0         A '''demo''' is a small portion or sample of a...
1         {{Commonscat|Islands of North America}}\n\n[[C...
2         '''Mirrors and forks of Wikipedia''' are publi...
3         {{italictitle}}\n\n'''''Buck the World''''' is...
4         {{multiple issues|\n{{BLP unsourced|date=Augus...
                                ...                        
234020                       #REDIRECT [[March 24]]\n      
234021                            #REDIRECT [[NBC]]\n      
234022    [[Category:Arabic language|Words]]\n[[category...
234023    '''Slab Fork''' is an [[Unincorporated area|un...
234024    {{Infobox F1 team\n| Constructor_name   = {{fl...
Name: text, Length: 234025, dtype: object

#### Récupérer des textes avec une liste de titres donnée

In [237]:
getPages = lambda pages_to_search: [df['text'][df['title'] == page].item() for page in pages_to_search if len(df['text'][df['title'] == page]) > 0] 

In [238]:
pages_to_show = ['List of Nobel Prize winners in Chemistry',
                'List of Nobel Prize winners in Economics',
                'List of Nobel Prize winners in Literature',
                'List of Nobel Prize winners in Physics',
                'List of Nobel Prize winners in Physiology or Medicine']

data_text = getPages(pages_to_show)



  """Entry point for launching an IPython kernel.


In [239]:
len(data_text)

5

#### Récolte des différentes références dans chacune des listes de Prix Nobel

In [240]:
import re

all_valid_references = []

for text in data_text:
    all_valid_references.append(getPages([s.replace("[[","").replace("]]","") for s in re.findall(r'\[\[.*?\]\]', text)]))

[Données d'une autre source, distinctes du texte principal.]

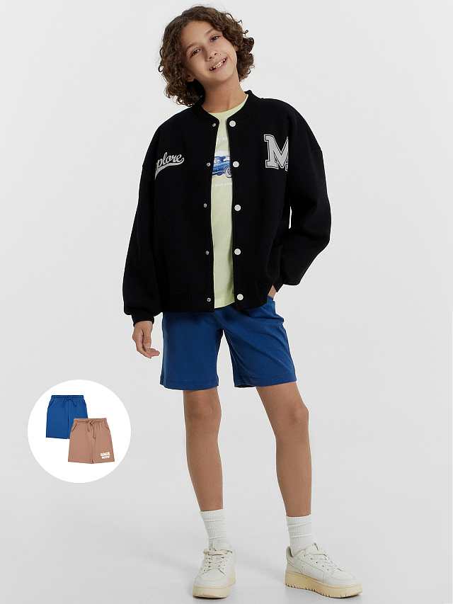 Шорты для мальчиков мультипак (2 шт.) из 100% хлопка. Модель длиной до колена. Спереди есть функциональные карманы «хулиганы». Пояс с эластичной резиной внутри и регулировочным шнуром. Модель стильная и невероятно комфортная — лучшее решение для жаркого летнего сезона. Дополнить можно верхом на свой вкус из линейки базовой детской одежды. Широкий размерный и цветовой ряд. Рекомендуем!
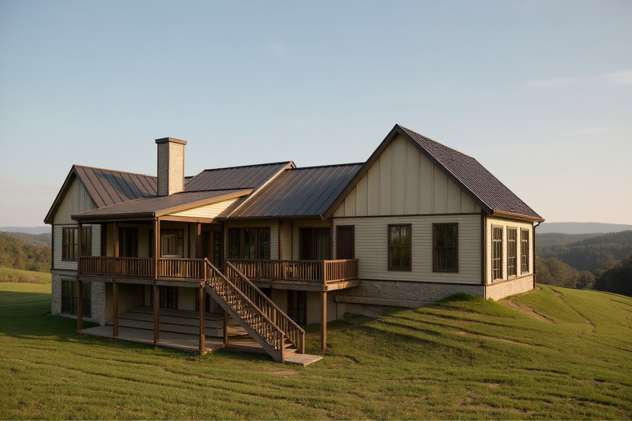 render a serene coastal style house perched elegantly on stilts the house exterior is painted in a soft sandy beige reflecting the warmth of a beach environment the gabled roof is a light slate gray complementing the coastal atmosphere the large deck wraps around the house crafted from rich weathered wood in a deep walnut brown blue gray accents decorate the window shutters and trim adding a classic touch the backdrop features a pastel blue sky with soft wispy clouds creating a peaceful airy atmosphere the overall mood is calm and inviting embodying a tranquil coastal retreat
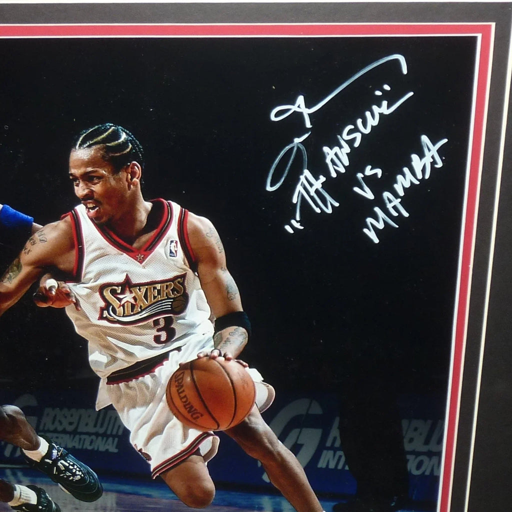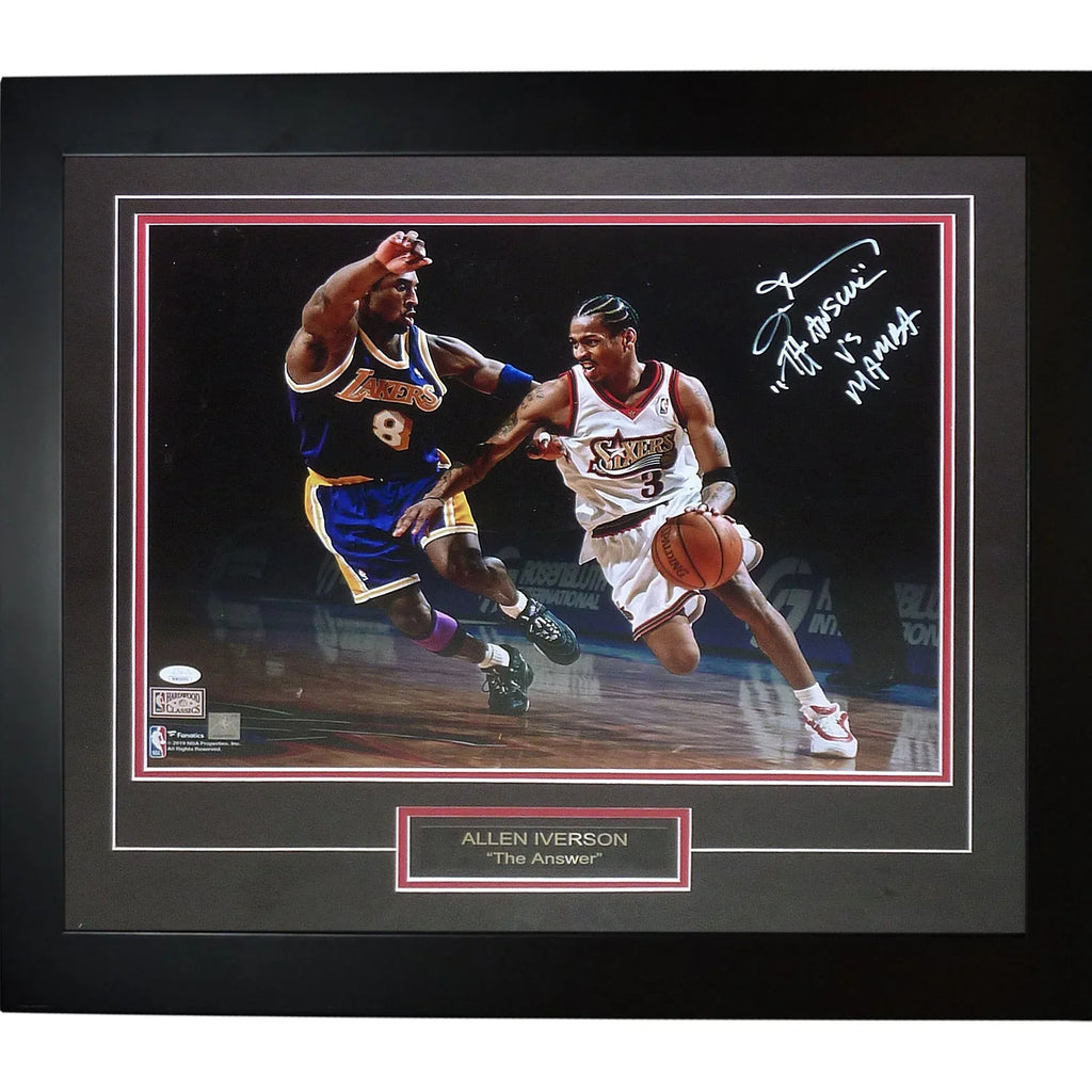 Relive the epic matchup between the iconic Allen Iverson and Kobe Bryant with this deluxe framed 16x20 photo! The Iverson autographed photo, certified by Beckett, captures the intensity and skill of both players. A must-have for any basketball fan and a perfect addition to any collection!
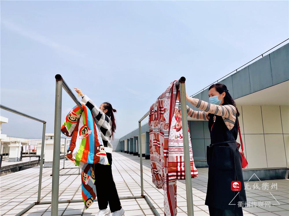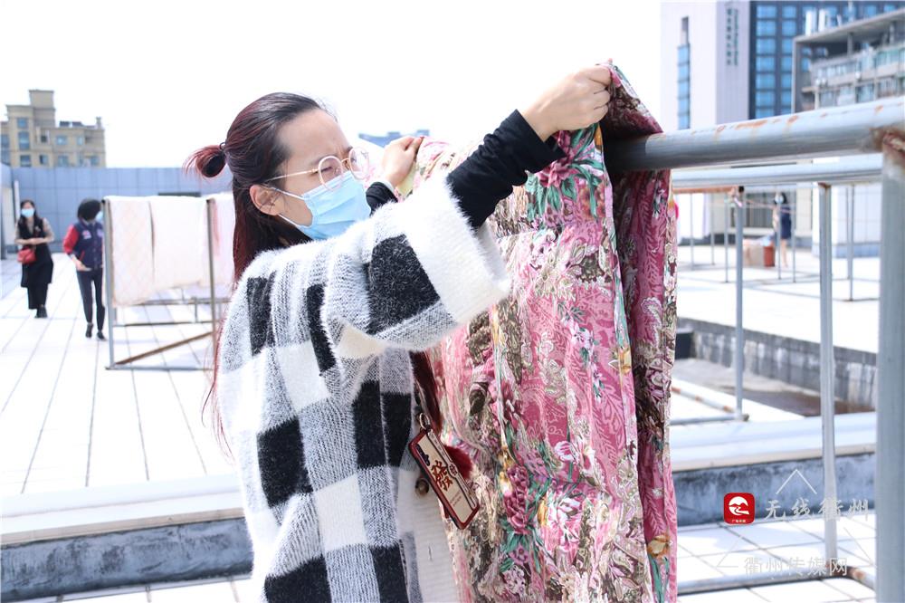 学院表示,接下来天气晴好的话,他们还会组织教师分批次将学生被褥全部拿出晾晒。
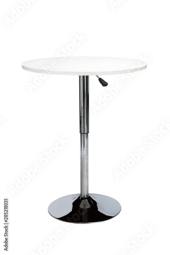 Modern white round adjustable small coffee table on a white background. Side view with clipping path

  """Entry point for launching an IPython kernel.


91


In [248]:
len(all_valid_references)

5

#### Choix aléatoire de 25 des références par liste

In [249]:
import random

data_references = []

for list_references in all_valid_references:
    #Pour chaque liste, on prend 25 références aléatoirement
    data_references.extend(random.sample(list_references,25))
    

In [250]:
len(data_references)

125

##### Construction des vecteurs avec TF-IDF

In [251]:
from sklearn.feature_extraction.text import TfidfVectorizer
tfidf_vectorizer = TfidfVectorizer(max_df=0.95, min_df=2, stop_words='english')

In [252]:
tfidf = tfidf_vectorizer.fit_transform(data_references)

In [253]:
print(tfidf.toarray())

[[0.         0.         0.         ... 0.         0.         0.        ]
 [0.         0.         0.         ... 0.         0.         0.        ]
 [0.         0.         0.         ... 0.         0.         0.        ]
 ...
 [0.04744128 0.01059616 0.00275113 ... 0.         0.00275113 0.        ]
 [0.         0.         0.         ... 0.         0.         0.        ]
 [0.         0.         0.         ... 0.         0.         0.        ]]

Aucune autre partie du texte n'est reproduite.